You love your family— but curating multiple healthy meals in one day for YEARS is relentless. If cooking burn-out threatens your enthusiasm, cut a few corners, starting with breakfast. You can elevate your healthy cooking positivity with granola. Homemade granola is the morning quick food that doesn’t compromise on nutrition.
I woke up tired and frustrated that morning. It was just before dawn when I crept downstairs to watch the sunrise from the cuddle chair in the kitchen.
Responsibilities and commitments mounted in a pile almost as high as my laundry. With my mug of coffee cradled between my palms, a feeling of melancholy and overwhelm strangled any sliver of joy that tried to emerge that morning.
Soon, the kids would wander sleepily downstairs for breakfast. That day, I didn’t have the motivation to wave my magic spatula and transform flour into pancakes.
I poked around the pantry and discovered the glass container of homemade granola. Seeing the fruit of my meal prep from weeks ago rehabilitated my mood. That morning, I needed the perfect balance of nutrition and convenience.
Uninvite sugar to breakfast
But, too often, store-bought granola contains lots of refined sugar. Here’s a tiny reminder that eating plans high in refined carbs and sugar contribute to chronic conditions.
Also, refined sugar is an enemy to your immune system. As we approach cold and flu season, it’s important to focus on foods that nourish your gut and strengthen your immune system. You want your body to pull some jujitsu moves and attack viruses and other germs.
Start your granola girl journey
The time has come for you to shake off some of the bad food habits that hold your body captive in a state of fatigue and meal plan mediocrity. Keep in mind. Homemade granola helps you demolish your sugar habit and rebuild your breakfast plan using real foods. With a handful of basic ingredients, you can serve up a nourishing morning meal without a lot of fuss.
Your new go-to cereal
In most households, cereal is already the feature menu item for breakfast. With the right granola recipe, you can transform a ho-hum breakfast into a powerhouse bowl of crunchy goodness.
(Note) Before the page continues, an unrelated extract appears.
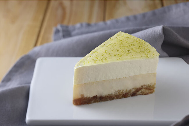 シンプルな見た目ながら、山田牧場(甲賀市)の乳製品や、九重味噌(大津市)の白味噌、滋賀県産の米粉や甘酒、塩麴など地元の素材の味わいをぎゅっと凝縮したベイクドとレアの2層のチーズケーキ。アクセントとして爽やかなライムの香りをきかせました。
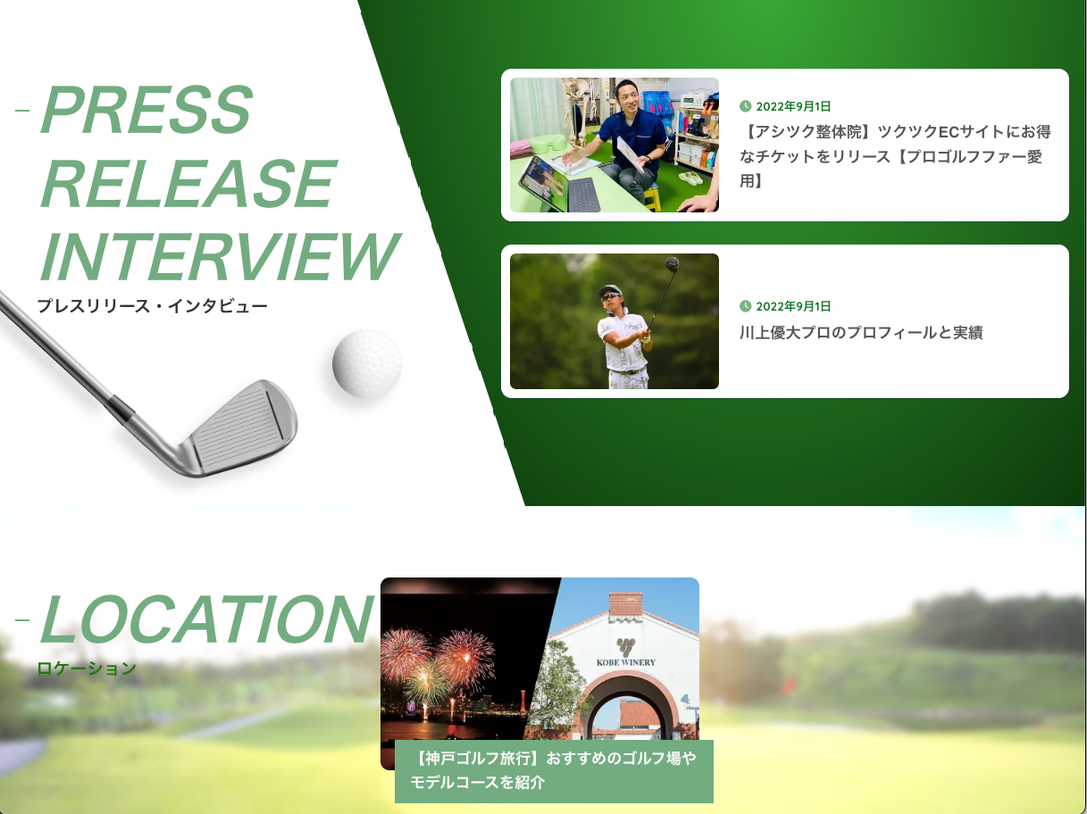 また、インタビュー・プレスリリース枠を上位部に掲載することで、ゴルフ事業者様の活動を告知しやすい形に。

- 5 Cups of Organic Oatmeal (not quick cook)
- 1/2 cup of Coconut Oil or Avocado oil
- 1/2 cup of real maple syrup or honey
- 1 teaspoon sea salt
- 2 cups unsweetened shredded coconut
- 2 cups sliced almonds or a combination of nuts and seeds (sunflower, cashews, pecan, pignoli, etc.)
- 1 cup of raisins
- 1 cup of small, diced apricots
- 1 cup of dried cranberries
- Preheat the oven to 350°.
- Cover a 13×18 inch baking sheet with parchment paper.
- In a large bowl, combine the oats, nuts/seeds, melted coconut oil, and maple syrup or honey.
- Toss until the oat mixture is coated and wet.
- Pour the mixture on the baking sheet.
- Spread evenly.
- Bake mixture until golden brown, approximately 15 minutes.
- Stir the mixture every 5-7 minutes to prevent edges from burning.
- Remove the mixture when done. Cool mixture. Add the dried fruit. Stir to combine.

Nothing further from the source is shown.